Thursday, April 18th, Andrej Plencovíc came forth to announce that the HDZ had won the largest number of seats in parliament, 60, and would soon start negotiating with smaller parties for a coalition group. The Social Democratic Party (SDP) came short with 42 seats, a disappointing loss for the group in the context of Milancovíc’s efforts to be the prime minister candidate. There was an increased voter turnout by almost 15% compared to the last election in 2020. The SDP official representative, Pedja Grbin, expressed disappointment for the loss on Wednesday.

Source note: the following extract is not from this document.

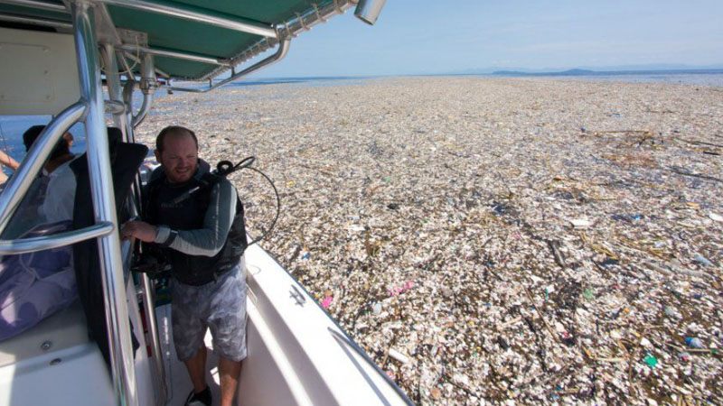 ▼Caroline表示,他們在塑膠垃圾中航行了8公里,垃圾帶有些地方足足有3公里寬。數不清的塑膠垃圾匯聚在這一海域組成垃圾帶,一眼望不到盡頭。「塑膠垃圾一旦進入海洋就不容易清理。清理起來成本太高了!」

Since there is no set coalition, Croatia can look forward to a period of uncertainty for the foreseeable future. The competing far-right party, Homeland Movement, won 14 seats, potentially taking away seats that may have made this election more competitive between the HDZ and SDP. They have been clear in their indecisive nature when it comes to joining in coalition with either of the two larger parties, so we can expect the HDZ to take the next few months to form their coalition government that will be in power for the next four years. 

Ecuador

The night of the 21st, the Ecuadoran electoral authority declared an early victory, despite only 20% of votes being counted, claiming that the pattern of results was irreversible. President Daniel Noboa took to X that Sunday evening to rejoice in the early victory of the referendum results. There was overwhelming approval for the nine referendum questions concerning tightening security, but this was not true for the remaining two concerning the economy. This will now entail Noboa releasing the army to fight gangs, which will lessen the obstacles to extradite accused criminals—raising humanitarian concerns—and lengthen the sentences for detained drug traffickers. 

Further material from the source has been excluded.